◆ **RECORD SET**:
......

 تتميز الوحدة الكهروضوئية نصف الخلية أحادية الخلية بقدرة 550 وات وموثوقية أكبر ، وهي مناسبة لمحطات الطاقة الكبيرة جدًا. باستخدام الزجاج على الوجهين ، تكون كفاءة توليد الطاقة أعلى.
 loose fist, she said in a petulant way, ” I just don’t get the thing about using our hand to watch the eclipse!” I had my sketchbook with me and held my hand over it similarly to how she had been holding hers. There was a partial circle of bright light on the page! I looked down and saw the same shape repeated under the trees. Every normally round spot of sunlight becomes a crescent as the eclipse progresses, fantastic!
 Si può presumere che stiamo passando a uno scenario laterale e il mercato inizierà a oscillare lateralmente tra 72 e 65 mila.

......

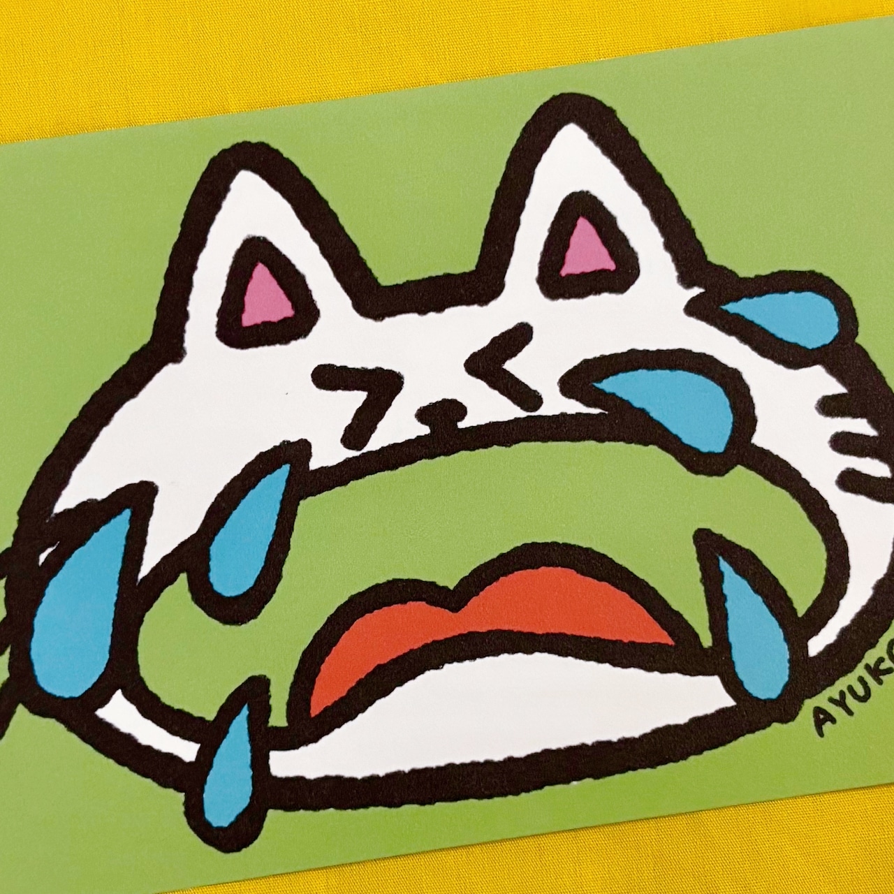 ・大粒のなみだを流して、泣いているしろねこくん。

......

◆ **THE PROBLEM**:
Of all the entries above, repeat only the lines from the line that has "loose fist, she" to the line that has "Si può presumere", both lines included, exactly.

◆ **OUTPUT OF THE TASK**:
 loose fist, she said in a petulant way, ” I just don’t get the thing about using our hand to watch the eclipse!” I had my sketchbook with me and held my hand over it similarly to how she had been holding hers. There was a partial circle of bright light on the page! I looked down and saw the same shape repeated under the trees. Every normally round spot of sunlight becomes a crescent as the eclipse progresses, fantastic!
 Si può presumere che stiamo passando a uno scenario laterale e il mercato inizierà a oscillare lateralmente tra 72 e 65 mila.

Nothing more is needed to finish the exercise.